Incorporating these nutrient-dense foods into your meals doesn’t have to be complicated. Start small—maybe some eggs with breakfast, a cup of bone broth in the afternoon, or a beautifully seared grass-fed steak for dinner.
The benefits? More energy, better focus, and a body that is finally running on premium fuel.
The best part? These superfoods aren’t just good for you—they taste incredible. From the rich creaminess of butter to the delicate flavor of bone marrow, they’ll remind you that healthy eating doesn’t have to mean sacrificing flavor or satisfaction.
So why not give them a try? Experiment, discover new favorites, and embrace the power of real, whole foods. Your body—and your taste buds—will thank you. It’s time to fuel yourself the way nature intended.
And that’s it… have a nutritious day
FAQs
What are the best animal-based foods?
The best animal-based foods include nutrient-packed options like liver, bone marrow, grass-fed steak, pasture-raised eggs, and raw dairy. These are rich in bioavailable nutrients essential for energy and health.
What is the healthiest superfood on Earth?
Liver is the healthiest superfood on Earth. Packed with vitamins A and B12, iron, and folate, it’s a nutritional powerhouse that supports energy, focus, and overall vitality.

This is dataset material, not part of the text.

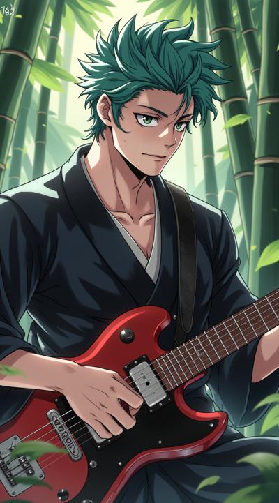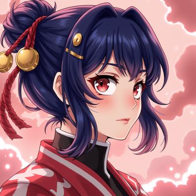 Нарисуй по аниме клинок рассекающий демонов:, *Такеоми девушка у неё были тёмно синие волосы до плеч которые были собранны в ПУЧОК а концы волос были покрашенны в ярко красный в этот пучок была воткнута ярко жёлтая шпилька на которой были небольшие не сильно толстые но крепкие нити на которых были бубнцы у неё были ярко зелёные глаза рост 177см она была очень яркой так же у неё была родинка небольшая над губой которая словно добавляла какой то милоты Такеоми была похожа на ребёнка со своими щёчками и большими глазами у неё так же была открытая форма тоесть короткая юбка и открытая грудь а ГРУДЬ И БЁДРА У НЕЁ ПЫШНЫЕ(БОЛЬШИЕ)*

What foods are animal-based?
Animal-based foods include meats, organ meats like liver and kidney, eggs, raw dairy, seafood like sockeye salmon, and healthy animal fats such as butter, lard, and tallow.
Can I eat potatoes on an animal-based diet?
Potatoes aren’t typically included in a strict animal-based diet. Instead, consider incorporating sweet potatoes as a low-toxin carbohydrate source. Focus on nutrient-dense foods like grass-fed butter, steak, and bone marrow for optimal health and energy.